Forgot to mention that I've tried putting a little bit of puppy milk in it but she wasn't interested. I'll maybe try different bowls, she has a small plastic one at the moment, it's the same as her food one and she has no issues with eating her food lol


----------



## haeveymolly (Mar 7, 2009)

Nonnie said:


> Have you tried colouring the water with a tiny bit of milk (puupy or goats is best)?
> 
> Also try different bowls. Mine wont drink out of metal ones.

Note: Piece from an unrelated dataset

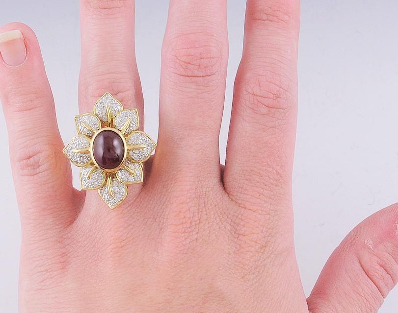 large, eye-catching ring done in the shape of a flower. The petals of the flower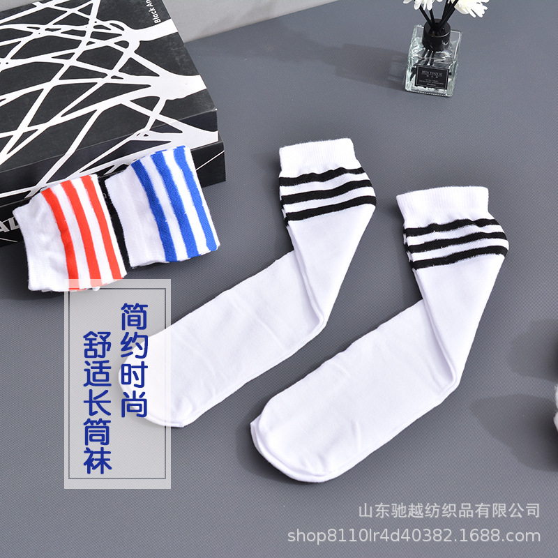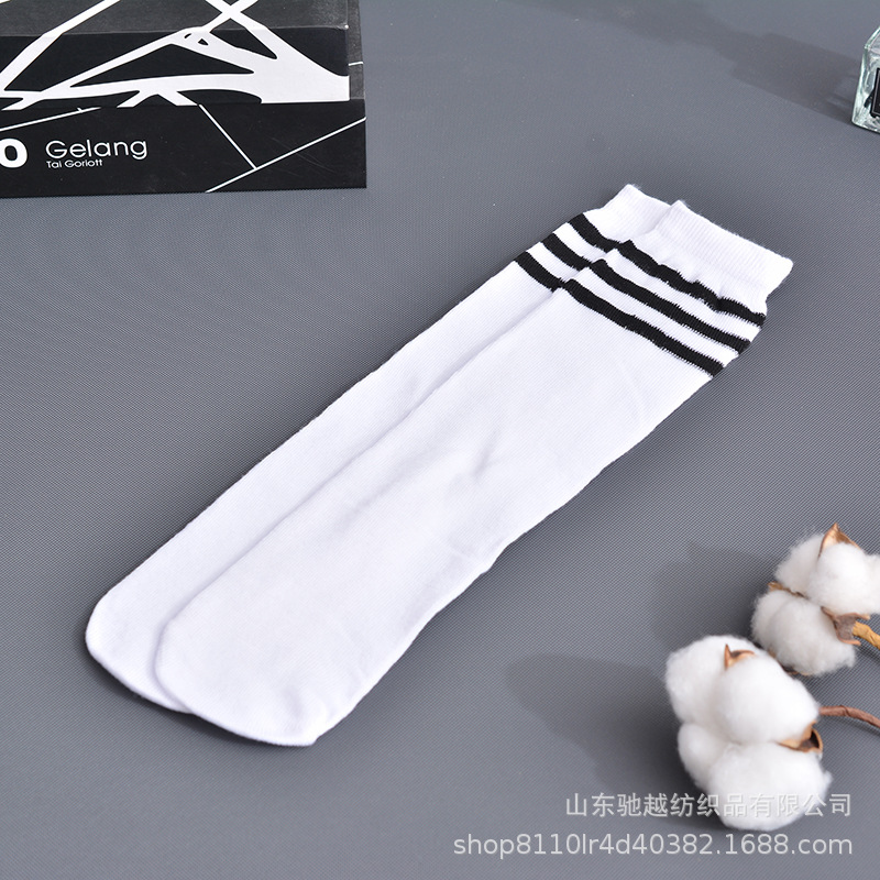 透气四季款中筒袜儿童舞蹈啦啦操表演透气白袜儿童三条杠条纹袜子

I have to do that still for harvey he's nearly 10 and has never drunk much he can come in from 3 hours of running around god knows how many miles he's covered and just lap a couple of times at he water but with a splash of milk in it he can go down 2 bowls.


----------



## lizzyboo (Apr 7, 2010)

my little one wouldnt drink when we first got him, he is 8 weeks old. i put my fingers in his water and let him lick them then gradually got closer to his water bowl until he was licking my fingers in the water bowl. he now loves a good old drink


----------



## Tori_86 (Mar 30, 2010)

Thanks, I tried using my fingers in the water and she did drink a little so maybe that will be the way forward, I'll keep trying.


----------



## haeveymolly (Mar 7, 2009)

What i have done as well if your puppy is on dried food fill the bowl with water and put a couple of pieces of the dried food in he will have to drink the water before he can get to it.


----------



## Ian L (Sep 9, 2020)

Tori_86 said:


> Hi all, I have a 4-6 week old puppy that will not drink water. At the moment I soak her food in water and leave extra water in the bottom of her food so that she is getting fluids. She always has a fresh bowl of water as well as my other dog having his down too. I make a point of putting the water bowl down when she is watching and she always runs over to see if it is food but turns away when she realises it is water.
> Has anyone any suggestions?
> Thanks


How long did it take for pup to start drinking water.... im having same issue and have to water down puppy milk to get him to drink.... i know this thread is old so I may not get a reply


----------



## Torin. (May 18, 2014)

@Ian L you're better off starting your own thread if you're having issues - this one is over a decade old!


----------